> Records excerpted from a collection
- - -

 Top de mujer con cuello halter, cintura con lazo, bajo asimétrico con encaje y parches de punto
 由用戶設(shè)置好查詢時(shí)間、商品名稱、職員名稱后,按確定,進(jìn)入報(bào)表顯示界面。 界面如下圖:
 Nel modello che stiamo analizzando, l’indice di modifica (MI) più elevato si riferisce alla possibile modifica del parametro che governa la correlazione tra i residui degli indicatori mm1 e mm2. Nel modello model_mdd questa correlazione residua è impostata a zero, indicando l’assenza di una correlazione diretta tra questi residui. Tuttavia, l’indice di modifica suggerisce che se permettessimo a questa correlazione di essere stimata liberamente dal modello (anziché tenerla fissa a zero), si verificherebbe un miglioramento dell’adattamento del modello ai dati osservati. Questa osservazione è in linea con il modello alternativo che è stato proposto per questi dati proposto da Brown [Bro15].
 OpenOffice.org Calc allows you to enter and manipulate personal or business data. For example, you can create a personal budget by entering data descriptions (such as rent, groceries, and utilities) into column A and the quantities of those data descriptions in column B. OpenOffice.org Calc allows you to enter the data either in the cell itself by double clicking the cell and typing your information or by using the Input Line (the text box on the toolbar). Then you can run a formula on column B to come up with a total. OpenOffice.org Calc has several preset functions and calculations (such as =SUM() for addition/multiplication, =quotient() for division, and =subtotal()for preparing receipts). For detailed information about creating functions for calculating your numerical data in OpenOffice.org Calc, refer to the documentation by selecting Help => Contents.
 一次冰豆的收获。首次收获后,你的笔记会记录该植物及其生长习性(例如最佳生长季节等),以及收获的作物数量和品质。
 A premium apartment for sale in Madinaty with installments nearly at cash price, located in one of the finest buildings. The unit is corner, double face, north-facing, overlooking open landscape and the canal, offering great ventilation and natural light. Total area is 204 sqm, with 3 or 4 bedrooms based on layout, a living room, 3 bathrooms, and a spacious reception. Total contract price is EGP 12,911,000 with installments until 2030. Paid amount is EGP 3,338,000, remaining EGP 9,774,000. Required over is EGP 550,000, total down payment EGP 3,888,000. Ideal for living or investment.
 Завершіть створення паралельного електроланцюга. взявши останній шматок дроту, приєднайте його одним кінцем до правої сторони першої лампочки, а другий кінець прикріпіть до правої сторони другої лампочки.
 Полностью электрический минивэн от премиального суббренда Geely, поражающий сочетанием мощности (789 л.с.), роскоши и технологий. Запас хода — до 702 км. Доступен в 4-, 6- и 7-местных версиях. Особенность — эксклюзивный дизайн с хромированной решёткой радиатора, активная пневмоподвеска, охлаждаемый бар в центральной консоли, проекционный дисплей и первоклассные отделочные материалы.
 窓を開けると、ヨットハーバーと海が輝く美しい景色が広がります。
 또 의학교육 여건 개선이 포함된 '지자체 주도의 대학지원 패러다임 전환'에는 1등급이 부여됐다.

- - -

> PROBLEM STATEMENT
The answer should consist of the lines from the first line of the entries through the line with "由用戶設(shè)置好查詢時", copied exactly.

> TASK RESPONSE
 Top de mujer con cuello halter, cintura con lazo, bajo asimétrico con encaje y parches de punto
 由用戶設(shè)置好查詢時(shí)間、商品名稱、職員名稱后,按確定,進(jìn)入報(bào)表顯示界面。 界面如下圖:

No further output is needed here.